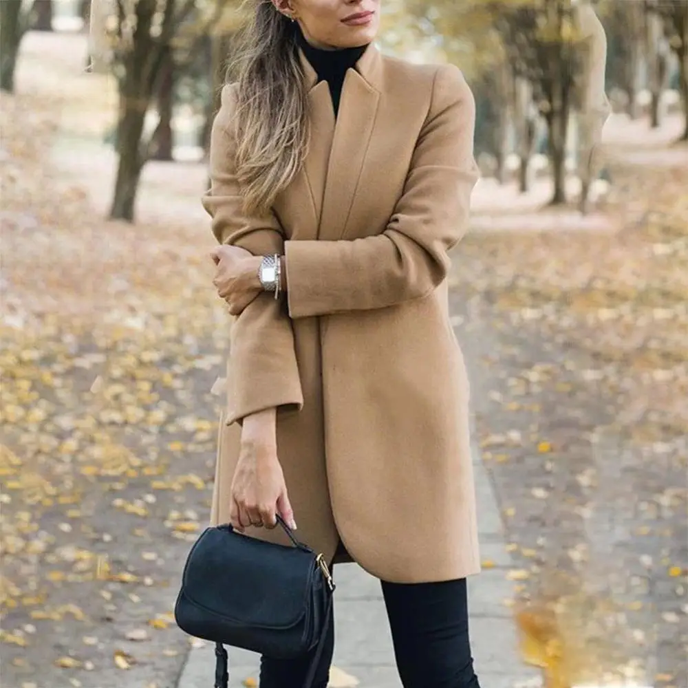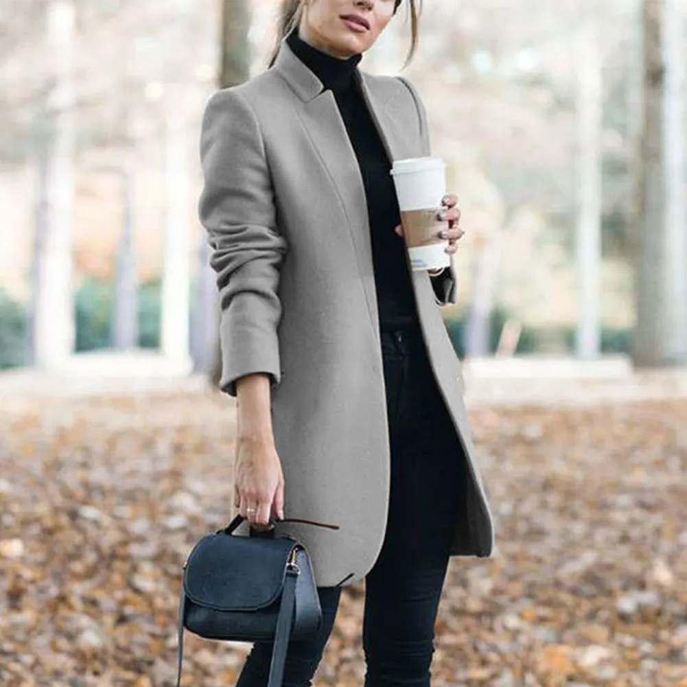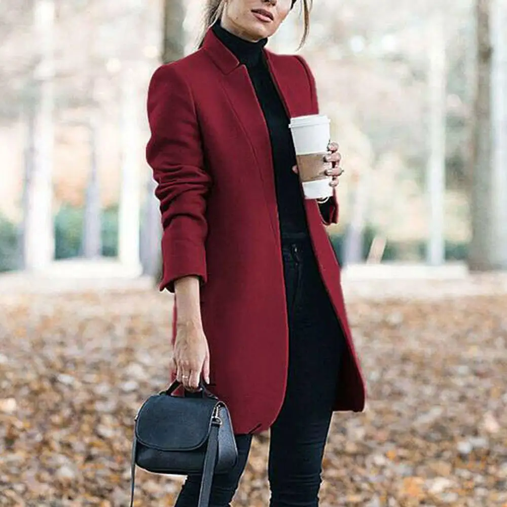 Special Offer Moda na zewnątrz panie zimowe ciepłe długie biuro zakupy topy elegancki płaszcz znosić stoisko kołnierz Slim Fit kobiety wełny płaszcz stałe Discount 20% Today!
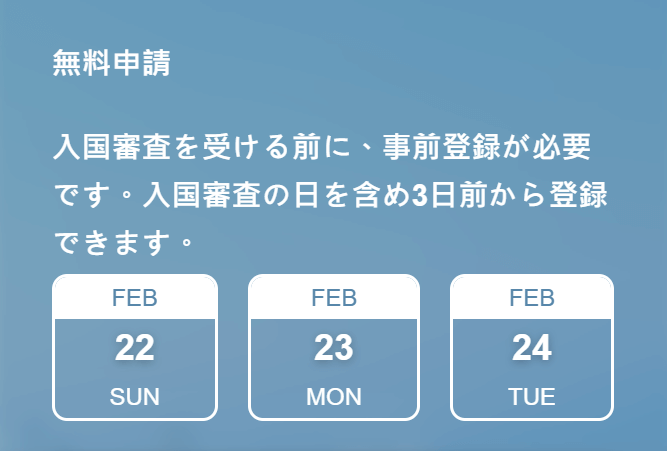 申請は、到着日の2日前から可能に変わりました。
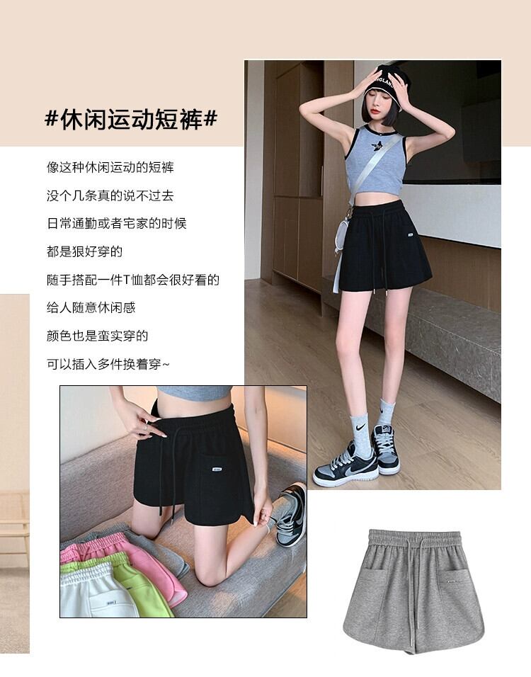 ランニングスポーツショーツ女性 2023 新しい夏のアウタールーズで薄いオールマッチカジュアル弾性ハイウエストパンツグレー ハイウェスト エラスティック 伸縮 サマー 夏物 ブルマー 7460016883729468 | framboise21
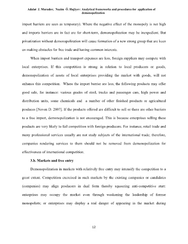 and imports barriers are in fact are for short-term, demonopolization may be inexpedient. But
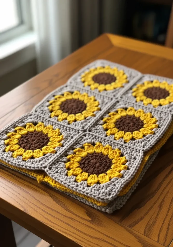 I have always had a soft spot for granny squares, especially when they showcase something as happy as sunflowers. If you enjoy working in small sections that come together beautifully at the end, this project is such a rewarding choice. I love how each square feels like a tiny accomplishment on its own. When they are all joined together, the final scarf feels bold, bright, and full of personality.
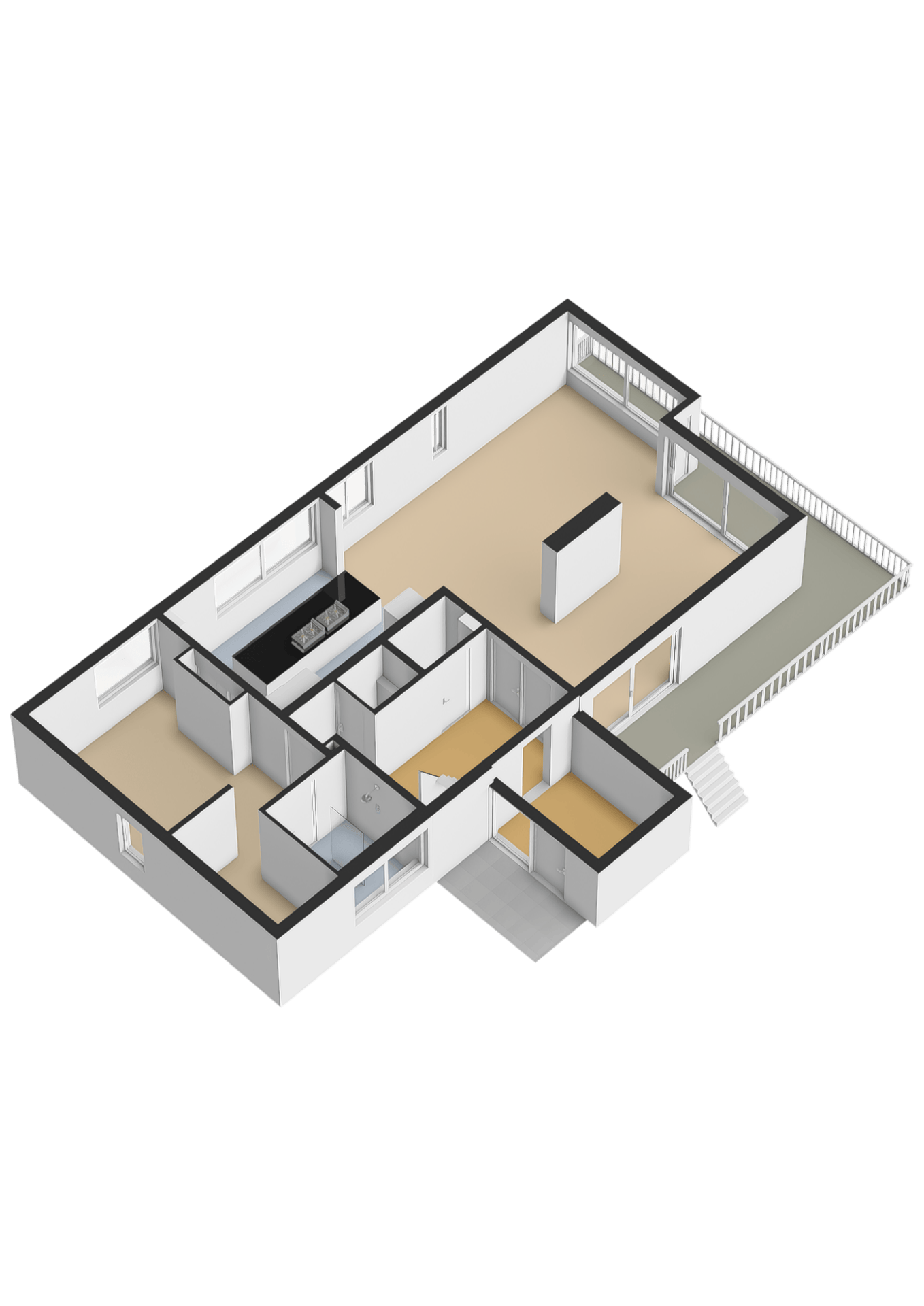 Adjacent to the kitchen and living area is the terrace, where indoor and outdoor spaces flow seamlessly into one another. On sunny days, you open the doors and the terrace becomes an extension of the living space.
---
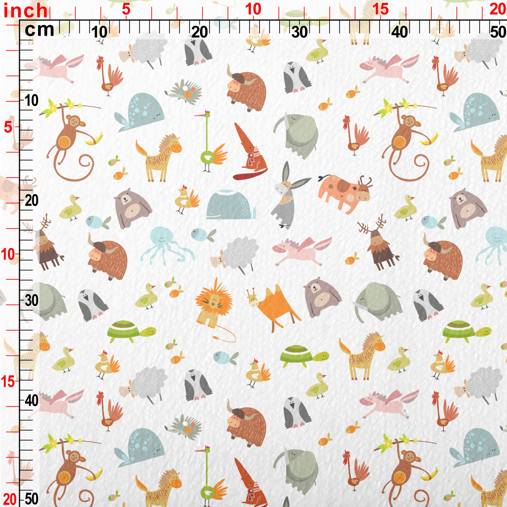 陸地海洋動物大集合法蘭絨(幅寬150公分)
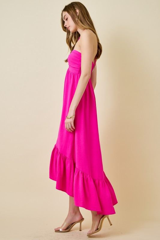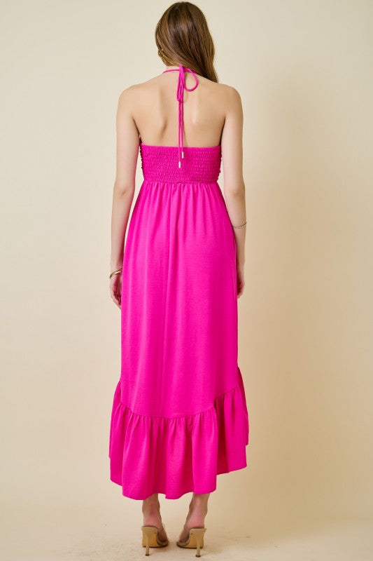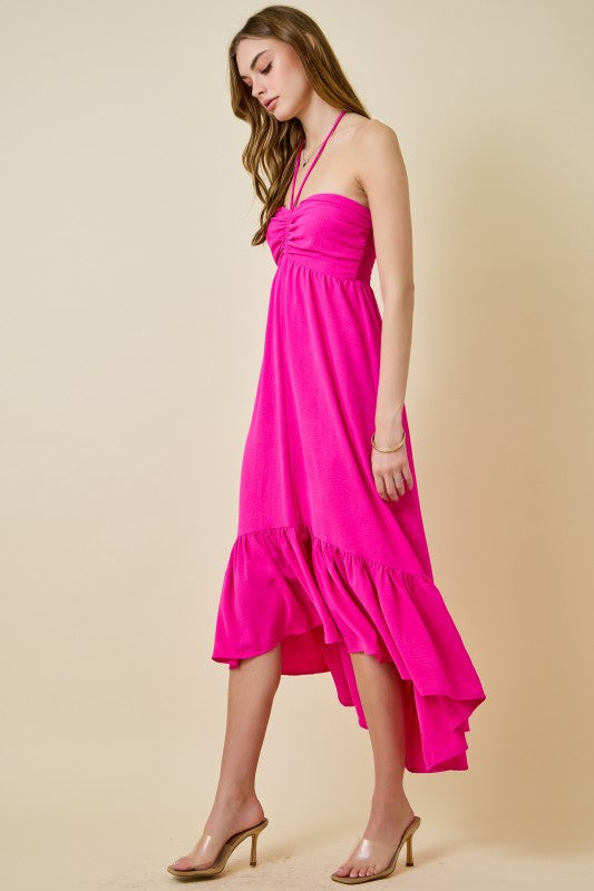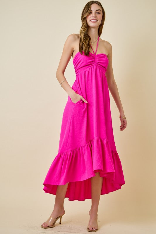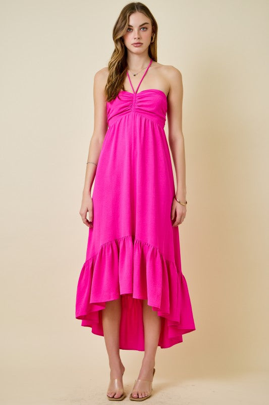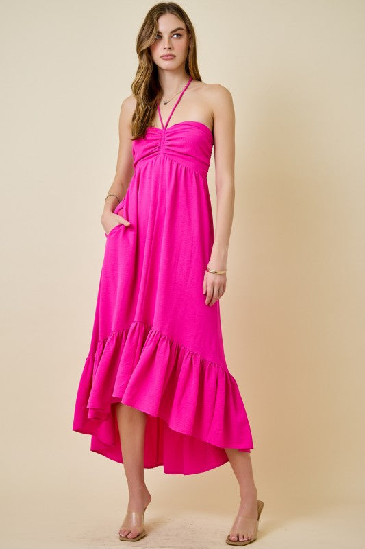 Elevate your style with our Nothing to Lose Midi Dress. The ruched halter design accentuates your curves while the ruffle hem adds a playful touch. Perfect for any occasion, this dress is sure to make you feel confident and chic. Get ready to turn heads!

» **WHAT IS NEEDED**: Look above for the line with "申請は、到着日の2日前から可能に変わりました。" and the line with "and imports barriers". Copy them and every line between, exactly, but no pictures.

» **SOLUTION TO THIS PROBLEM**:
 申請は、到着日の2日前から可能に変わりました。
 ランニングスポーツショーツ女性 2023 新しい夏のアウタールーズで薄いオールマッチカジュアル弾性ハイウエストパンツグレー ハイウェスト エラスティック 伸縮 サマー 夏物 ブルマー 7460016883729468 | framboise21
 and imports barriers are in fact are for short-term, demonopolization may be inexpedient. But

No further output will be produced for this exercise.